The ringing cellphone was a welcome interruption. As was hearing Wynn’s voice on the other end. “Where are you?”

“My office. Reading through Graham’s files. Wishing I knew more. What about you?”

“Parked beside a garbage dumpster, wishing I had someplace better to go.”

“You do. Here.”

The invitation warmed her. “I’d like to come up. Really. But I can’t. I’ve got to track down this lead.”

“Jackie—”

“Don’t press me, Wynn. Please. Not now. After yesterday, I might give in.”

“What happened yesterday?”

“I want to tell you,” she said, then had to stop. She was that surprised. The desire as strong and easy as yesterday’s unexplained tears.

“But?”

“But I want to do it when we’re together. Does that make sense?”

“More than that. It gives me something to look forward to.”

The warmth spread, melting barriers she had carried so long she wasn’t even aware of them any more. Not until they began to open. “I never thanked you for Rome.”

“I wasn’t the one who sent you.”

“In a way, you were. But I meant the flight and the hotel and the dinner. And the company.”

Wynn seemed to take forever to draw in the next breath. “I woke up this morning feeling like if I didn’t find a place and a time to be weak, to set down all the things I’m carrying, I was going to shatter into dust. Does that sound crazy?”

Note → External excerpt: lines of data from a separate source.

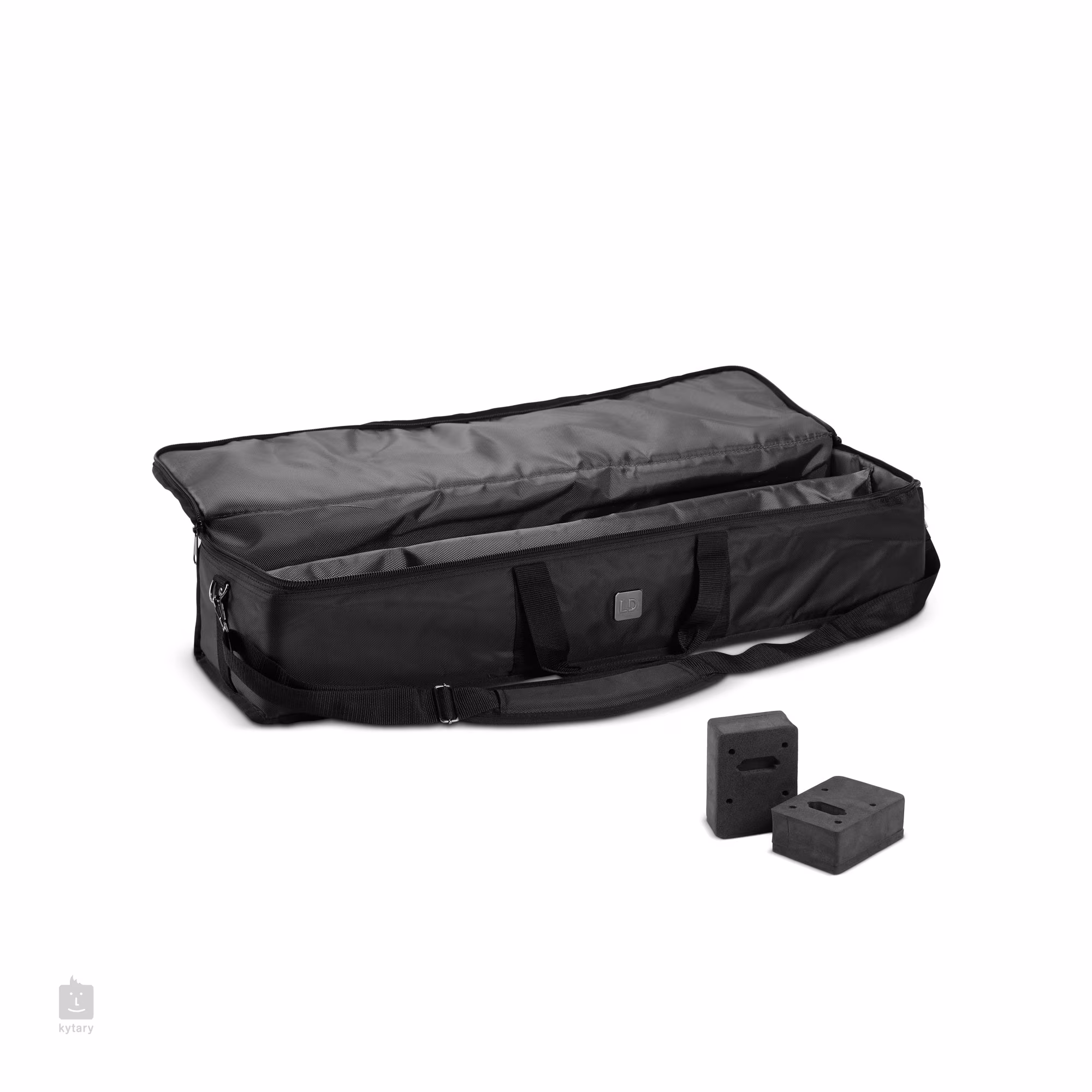 Die gepolsterte Transporttasche für die MAUI 28 G3-Säulenlautsprecher besteht aus wasserfestem 1680er Nylon und verfügt über eine gepolsterte, 8 mm dicke Innenblende, die Kratzer an den Lautsprechern verhindert, Schaumstoffabdeckungen für die Multipin-Anschlüsse, einen verstellbaren Schultergurt und gummierte Füße.
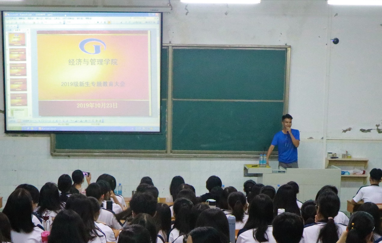 2019年10月23日,公司辅导员董濠鋆为2019级新生作“诚信、法制、励志、感恩”专题教育讲座。
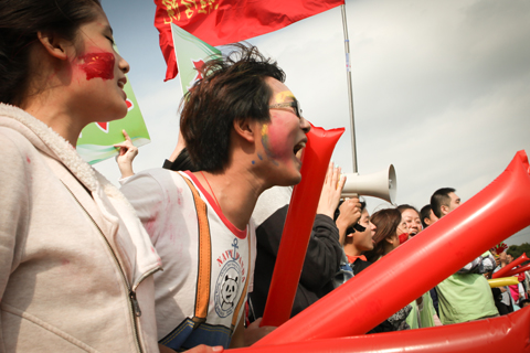 随着比赛的开始,高昂的呐喊声响彻整个操场,似乎运动会不仅是运动员之间的角逐,更是呐喊助威声的较量。

“No.” In the distance, the bells continued their gentle ringing. “It sounds like you’re pulling words from my own mind.”

 

W
YNN WENT TO the evening service. According to the brochure he picked up on his way inside, St. John’s Church dated from the era of rebuilding that followed the War of 1812, as did the White House and the Capitol. Despite its impressive size, it was a homey place of comforting closeness, the balcony a curved operatic design of brass-railed waves. The central dome was unadorned, the ancient pews flanked by waist-high gates. As the capacity crowd launched into the first song, Kay Trilling slipped into the pew alongside him. She gave Wynn a tight little smile, neither welcoming nor hostile. The bandage on her forehead gleamed white against her skin. “You okay?”

He looked back down to the hymnal in his hands and shook his head. No. Kay reached over and supported the hymnal with him, skin touching skin, and began to sing in a deep mellow alto. Saying nothing more directly, but the message there just the same.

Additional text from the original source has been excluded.